● **What the exercise asks**: In this exercise, retype exactly and only the lines from the top of the entries below through the line that holds "- 海老の背ワタを取り除き5㎝位にカットし、流水で良く洗います。", omitting pictures.

[Source records]
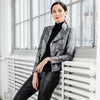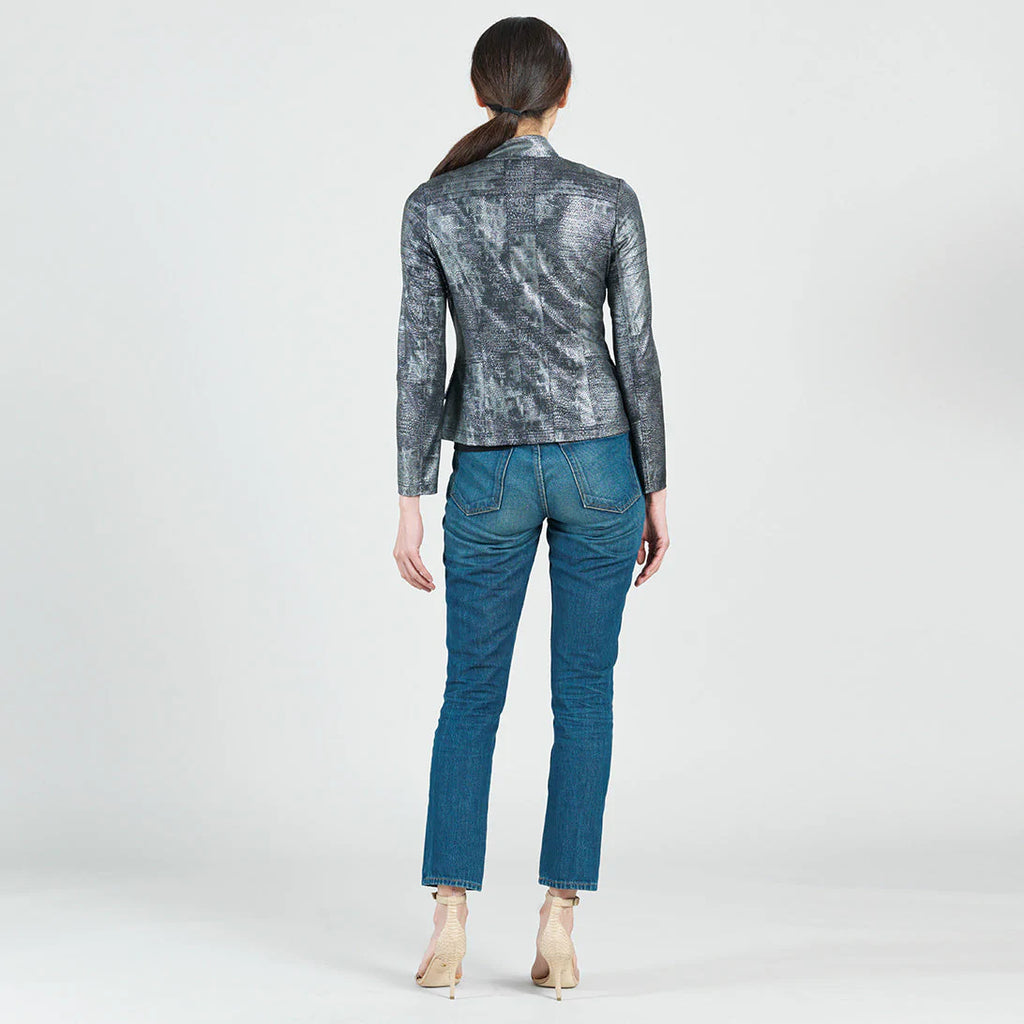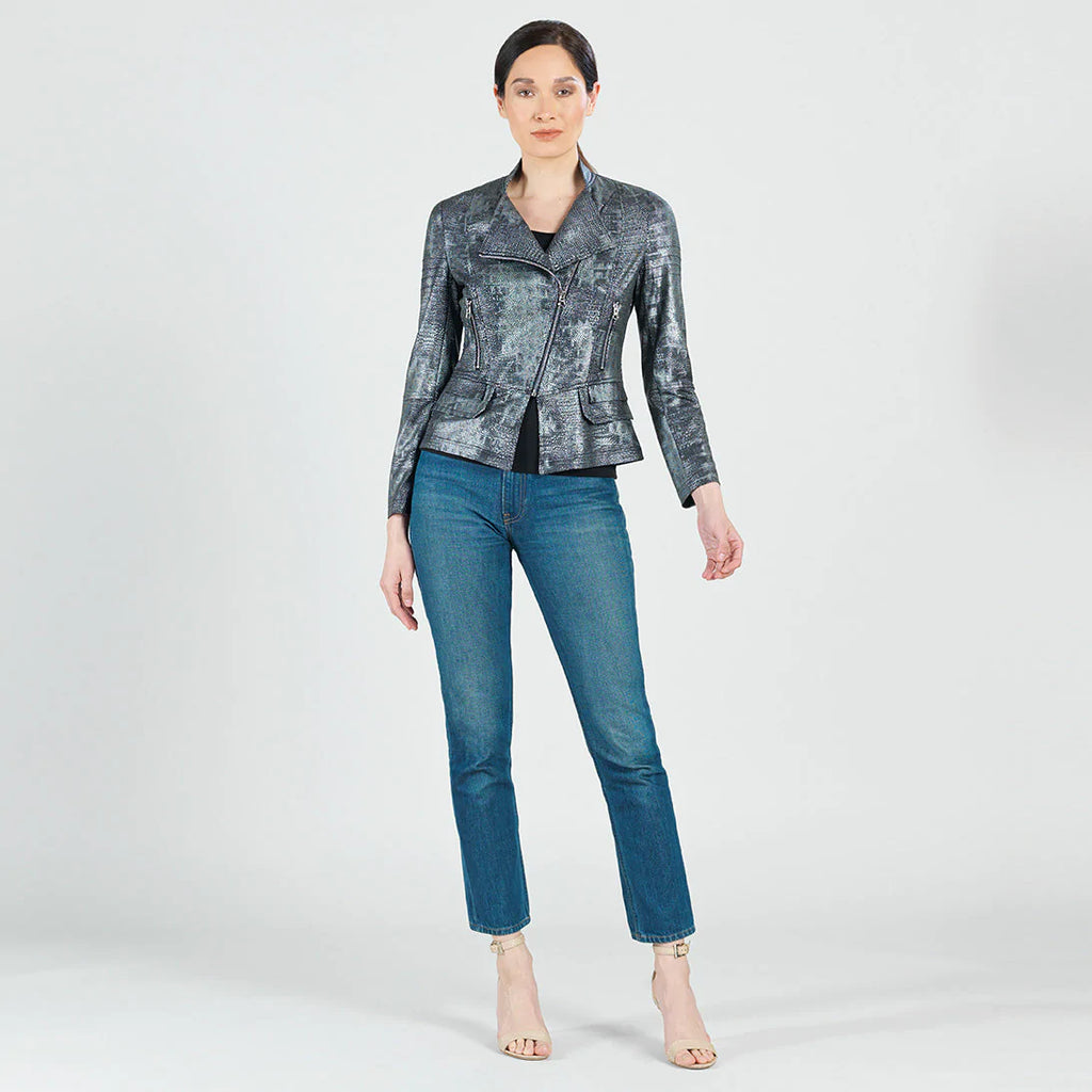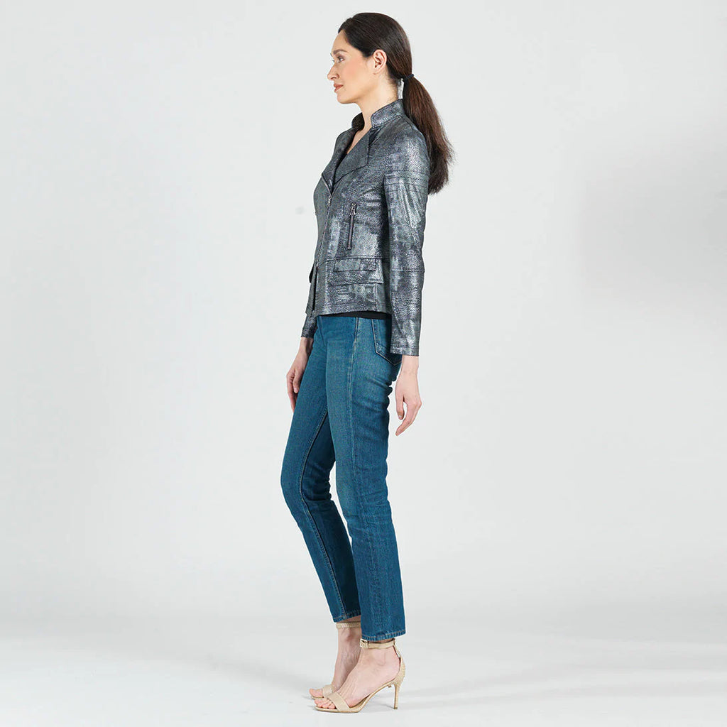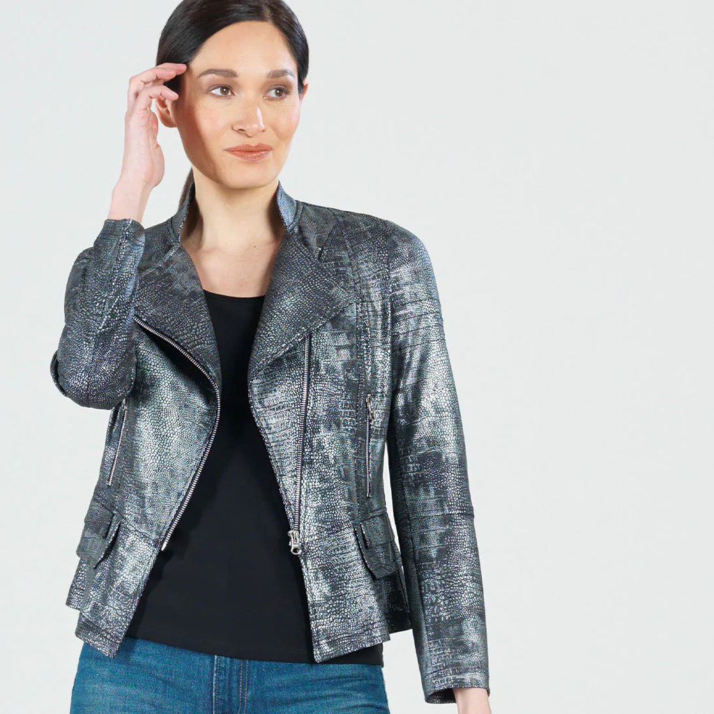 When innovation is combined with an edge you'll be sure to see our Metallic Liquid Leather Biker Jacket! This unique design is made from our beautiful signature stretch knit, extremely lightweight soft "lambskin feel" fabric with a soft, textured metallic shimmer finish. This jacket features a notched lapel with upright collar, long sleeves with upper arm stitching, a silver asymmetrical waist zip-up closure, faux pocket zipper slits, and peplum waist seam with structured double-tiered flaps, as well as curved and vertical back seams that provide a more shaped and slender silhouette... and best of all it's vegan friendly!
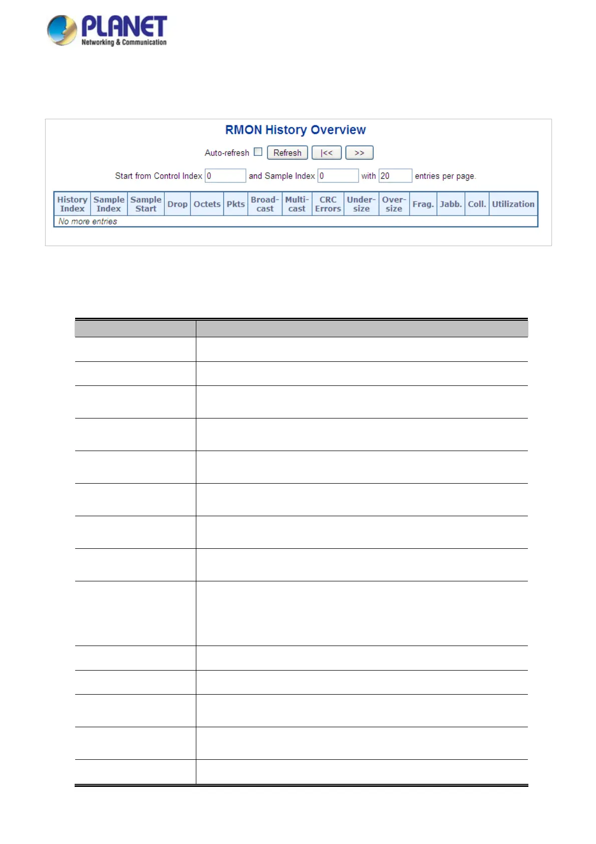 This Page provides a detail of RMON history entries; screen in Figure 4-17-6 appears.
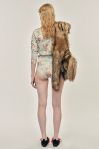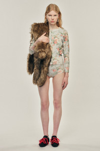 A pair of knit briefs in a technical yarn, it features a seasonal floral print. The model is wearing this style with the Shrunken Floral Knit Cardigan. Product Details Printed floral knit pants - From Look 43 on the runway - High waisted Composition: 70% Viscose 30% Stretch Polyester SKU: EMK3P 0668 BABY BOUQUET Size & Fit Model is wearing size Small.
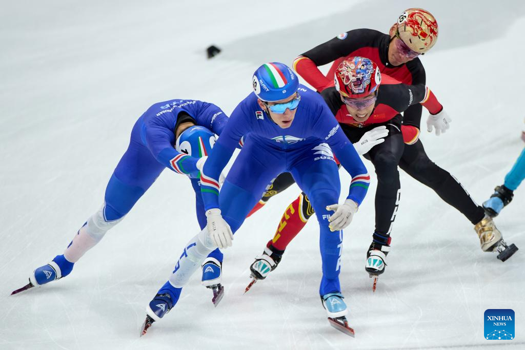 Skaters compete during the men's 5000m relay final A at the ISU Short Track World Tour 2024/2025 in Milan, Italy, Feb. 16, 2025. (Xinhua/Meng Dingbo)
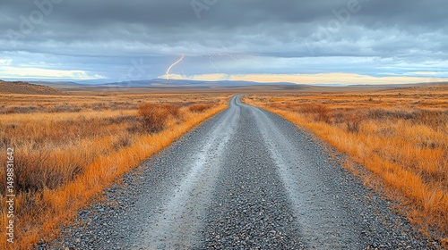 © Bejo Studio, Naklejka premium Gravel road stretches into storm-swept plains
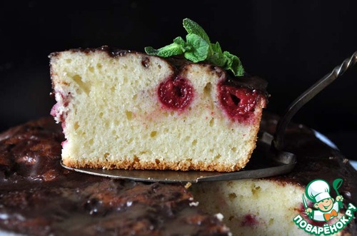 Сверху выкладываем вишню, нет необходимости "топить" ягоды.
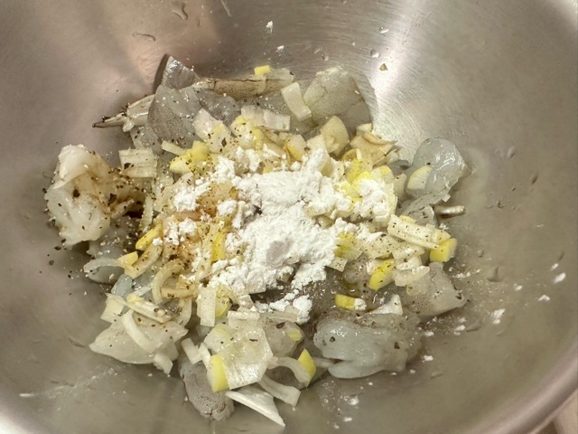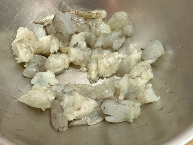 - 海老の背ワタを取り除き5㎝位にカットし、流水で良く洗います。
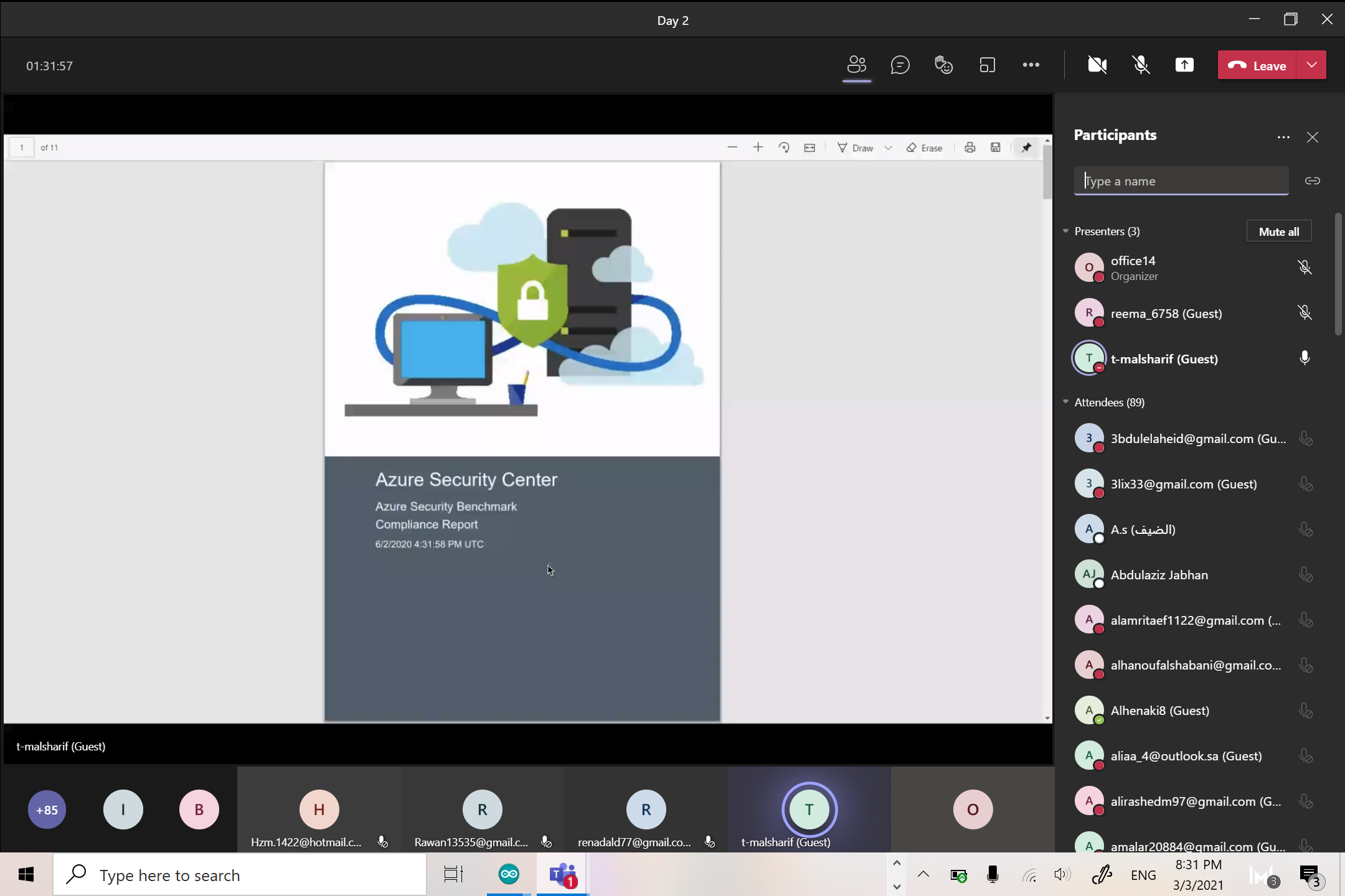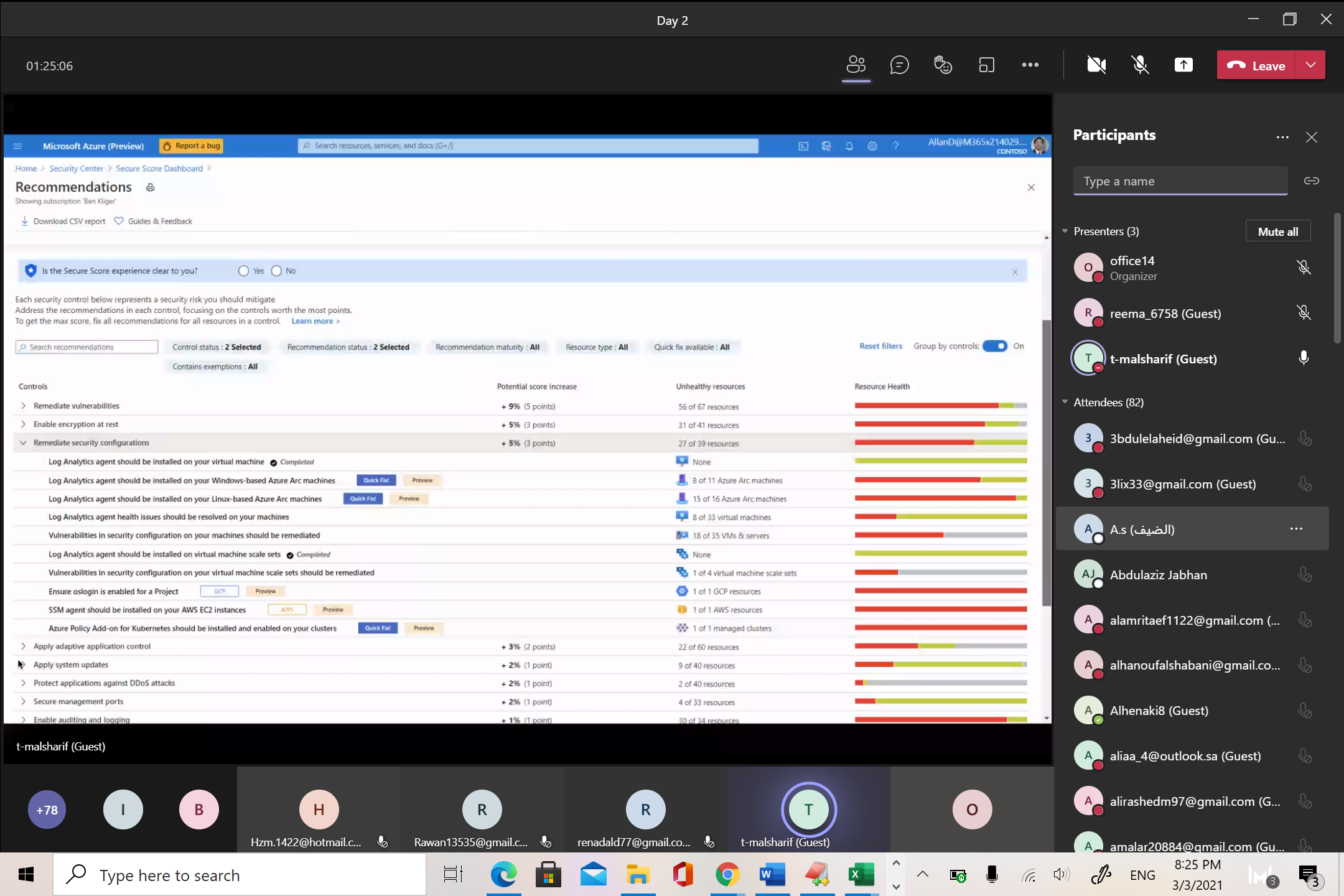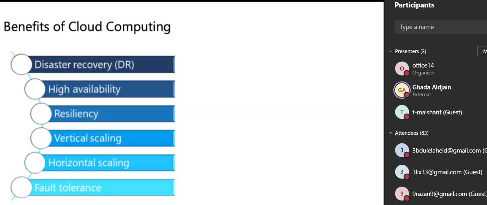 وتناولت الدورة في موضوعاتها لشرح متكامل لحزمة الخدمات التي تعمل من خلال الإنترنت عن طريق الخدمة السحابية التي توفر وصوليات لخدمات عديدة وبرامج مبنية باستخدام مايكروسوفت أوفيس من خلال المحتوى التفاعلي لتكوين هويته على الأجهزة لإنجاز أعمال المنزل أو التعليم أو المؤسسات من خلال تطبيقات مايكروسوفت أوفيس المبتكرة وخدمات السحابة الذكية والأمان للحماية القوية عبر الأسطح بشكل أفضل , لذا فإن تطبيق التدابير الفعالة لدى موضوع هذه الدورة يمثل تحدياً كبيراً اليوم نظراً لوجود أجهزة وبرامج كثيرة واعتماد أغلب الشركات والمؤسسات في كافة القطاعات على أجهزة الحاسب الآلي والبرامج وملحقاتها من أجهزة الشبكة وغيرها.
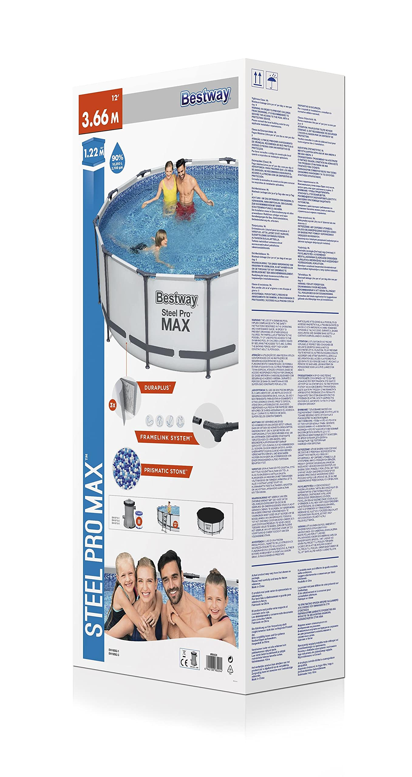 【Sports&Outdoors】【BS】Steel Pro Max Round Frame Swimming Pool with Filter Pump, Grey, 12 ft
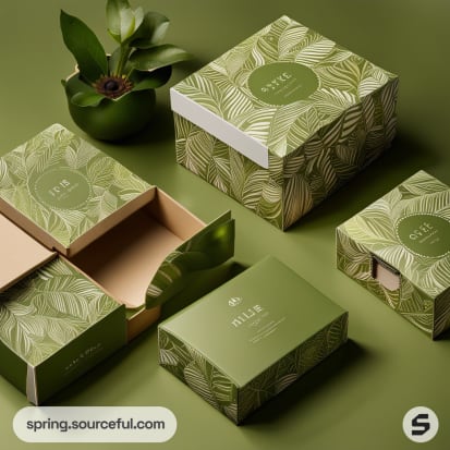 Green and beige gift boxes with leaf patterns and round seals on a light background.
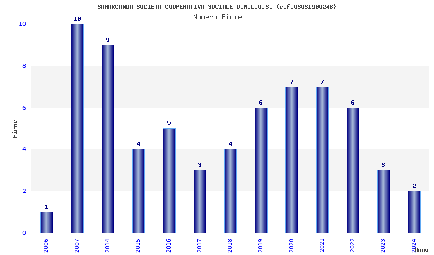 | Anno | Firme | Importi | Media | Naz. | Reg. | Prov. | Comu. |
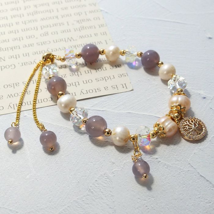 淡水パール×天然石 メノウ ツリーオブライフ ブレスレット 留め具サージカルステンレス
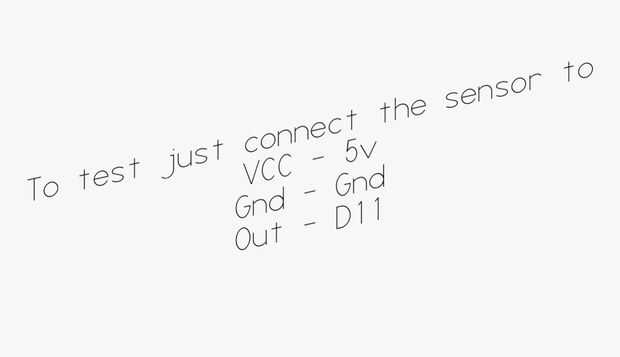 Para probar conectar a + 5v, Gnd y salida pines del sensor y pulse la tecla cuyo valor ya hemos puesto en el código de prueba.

● **Reply to the exercise**:
 When innovation is combined with an edge you'll be sure to see our Metallic Liquid Leather Biker Jacket! This unique design is made from our beautiful signature stretch knit, extremely lightweight soft "lambskin feel" fabric with a soft, textured metallic shimmer finish. This jacket features a notched lapel with upright collar, long sleeves with upper arm stitching, a silver asymmetrical waist zip-up closure, faux pocket zipper slits, and peplum waist seam with structured double-tiered flaps, as well as curved and vertical back seams that provide a more shaped and slender silhouette... and best of all it's vegan friendly!
 This Page provides a detail of RMON history entries; screen in Figure 4-17-6 appears.
 A pair of knit briefs in a technical yarn, it features a seasonal floral print. The model is wearing this style with the Shrunken Floral Knit Cardigan. Product Details Printed floral knit pants - From Look 43 on the runway - High waisted Composition: 70% Viscose 30% Stretch Polyester SKU: EMK3P 0668 BABY BOUQUET Size & Fit Model is wearing size Small.
 Skaters compete during the men's 5000m relay final A at the ISU Short Track World Tour 2024/2025 in Milan, Italy, Feb. 16, 2025. (Xinhua/Meng Dingbo)
 © Bejo Studio, Naklejka premium Gravel road stretches into storm-swept plains
 Сверху выкладываем вишню, нет необходимости "топить" ягоды.
 - 海老の背ワタを取り除き5㎝位にカットし、流水で良く洗います。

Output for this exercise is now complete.